Гвоздь ощутимо впился в ладонь и темнота, застилающая глаза, вспыхнула болью и лампой дневного света на потолке. Озрик тряхнул головой. Не спать.
Да что там, все стало очень плохо еще при Рональдо.
А предшественника Рональдо Озрик видел только на символических похоронах. Тогда вместо покойников в общую могилу клали их фотографии, вещи, бумаги с именами. От кого что осталось. От бывшего директора Отдела Искариот осталась епитрахиль. Кажется, лил дождь. Кажется, отец Рональдо держал над вздрагивающим английским мальчишкой зонтик. Или нет? Озрик плохо помнил тот момент. Он тогда лишь таращился на все, сбивчиво бормотал под нос молитвы на все еще чужой латыни и на всякий случай острием внутрь вжимал в ладонь найденный где-то гвоздь. Чтобы не уснуть. Он показался им достаточно полоумным фанатиком, чтобы остаться – и его оставили.

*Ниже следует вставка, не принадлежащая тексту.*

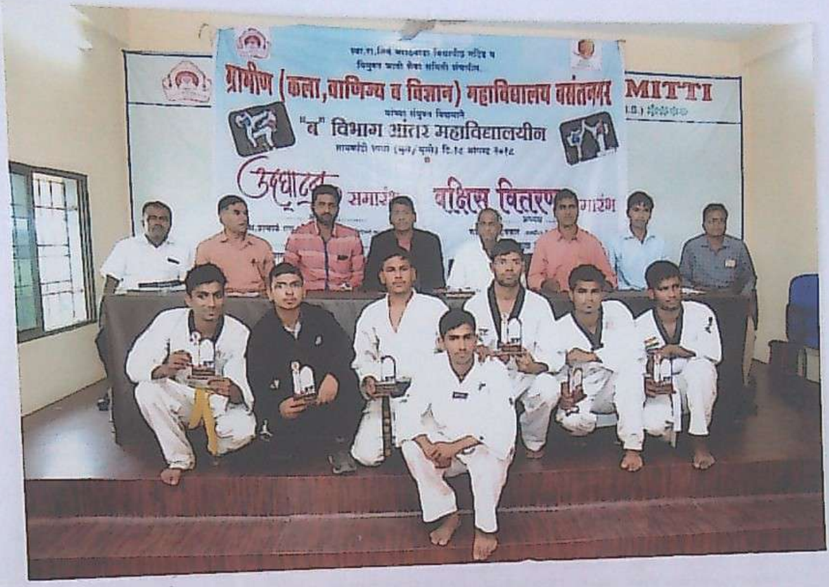
Taekwondo Men and Women competition 2018-19
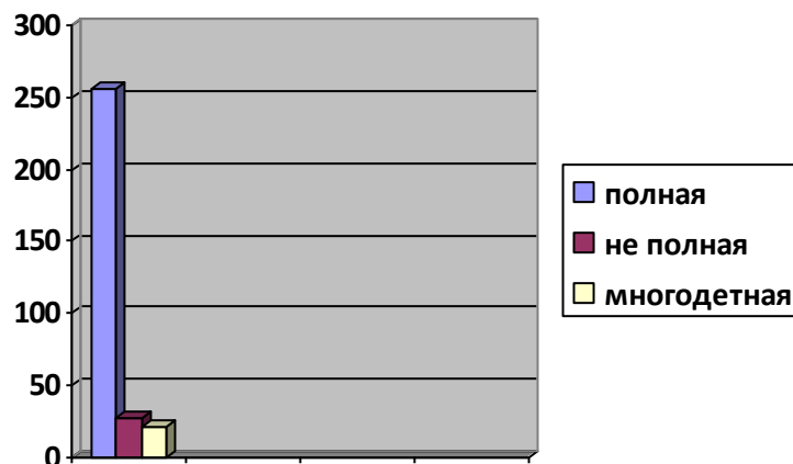
Гистограмма 2. Социальный статус семьи
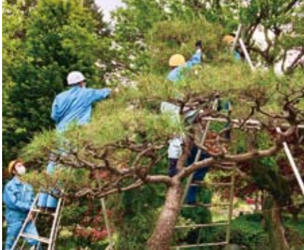
造園技術：樹木の管理
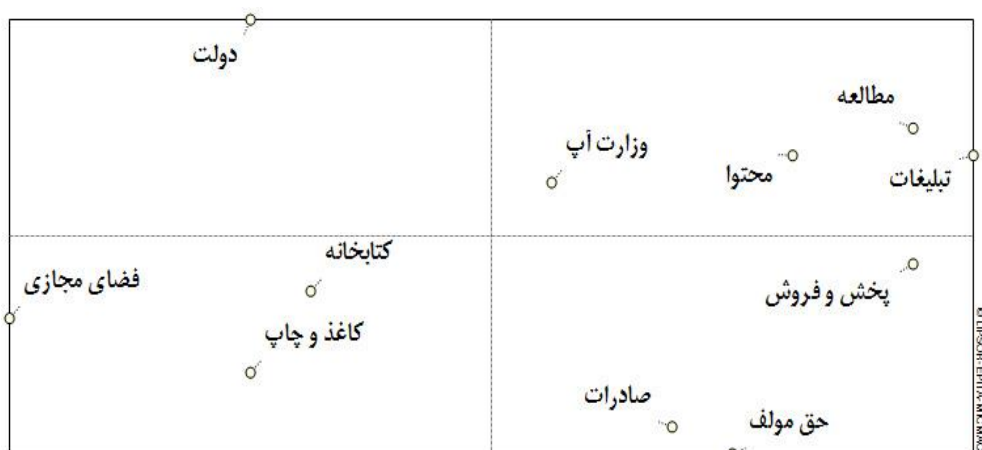
نمودار ۱- نمودار ادراکی متغیرهای کلیدی آینده کتاب در ایران به روش میک‌مک

سیستم در نظر گرفته می‌شوند. در بین این متغیرها، اغلب متغیرهای محیطی ۹ هستند که به شدت سیستم را مشروط می‌کنند اما عموماً نمی‌توانند توسط سیستم کنترل شوند. متغیرهای محیطی بیشتر به عنوان عامل اینرسی عمل می‌کنند.
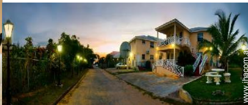
Blick auf Straße/Avenue
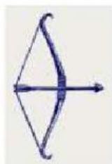
ARCO E FLECHA

d) SELECIONE AS ARMAS QUE OS ÍNDIOS UTILIZAM PARA CAÇAR:
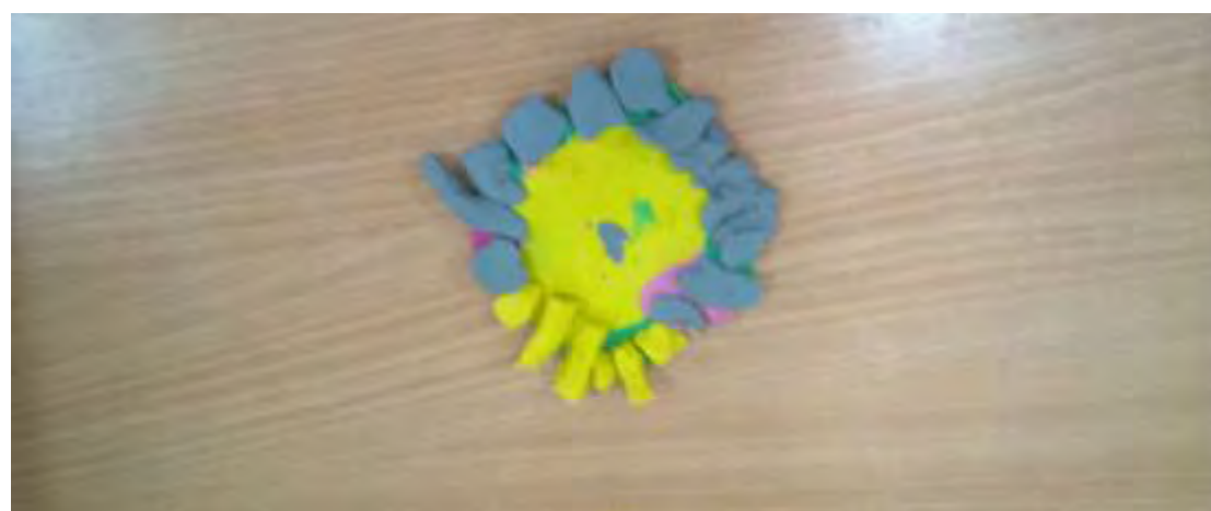
Εικόνα 12: Λουλούδι.

Во многом благодаря Хайнкель, в память о человеке, сохранившем ему жизнь. О человеке, память о котором не была опущена в общую могилу. Она не позволила. Кричала, умоляла, протестовала. И Рональдо решил не связываться, и так было полно проблем. Тогда у всех было много проблем и многое сходило с рук.
Хайнкель.
Вот и теперь она стояла перед ним, добела сжимая кулаки и сверкая глазищами поверх маски. Проблема, от которой не удалось откреститься парой строчек в терминале.
-Ты едешь подписывать мир! С ними! Сукин сын! Английский ублюдок! Предатель! – она по-прежнему едва выговаривала слова, сказывалось то, что она по большей части молчала. Озрик – несчастливое исключение, к которому можно врываться в кабинет, свистеть, шипеть, изрыгать потоки итальянских проклятий. Он всегда понимал ее предельно точно, как если бы ее дикция была достойна юной ведущей канала ВВС.
Озрик перехватил ее руку до того, как она смогла отвесить ему пощечину. Дурацкая игра. Если бы Хайнкель действительно хотела ударить, он бы не успел ее остановить. А если бы и успел, сил Озрика не хватило бы даже на то, чтобы смягчить удар.
- Прекрати, - он медленно отстранился. - Можно подумать, тебя сдержат какие-то договоры. Можно подумать, тебя волнуют мои приказы и запреты, существование Отдела и благополучие Ватикана.
Она наконец опустила руку и отвернулась. Все еще сдерживая желание разнести здесь все в щепки. Вызвать хоть тень ответа на этом вечно неподвижном сосредоточенном лице.
- Можно подумать, это все хоть кого-то здесь волнует, - продолжил он. - То, что мы вечно в осадном положении, то, что католичество держится пока только на человеческом страхе. Люди убедились, что «там» что-то есть и боятся. Хватаются за религию как за табельный Глок. Есть в них любовь к Господу? Черта с два. Только страх. Есть в них доверие к Папе? Хайнкель, вот ты веришь Папе? За тридцать лет все эти жалкие извинения, в каждой проповеди. За сожженных ведьм не извинялись так долго и так униженно. Как долго мы должны ползать перед всем миром на брюхе за то, что руководство перехитрило само себя, а у архиепископа-марионетки сорвало крышу, и он вообразил себя кукловодом, героем и завоевателем?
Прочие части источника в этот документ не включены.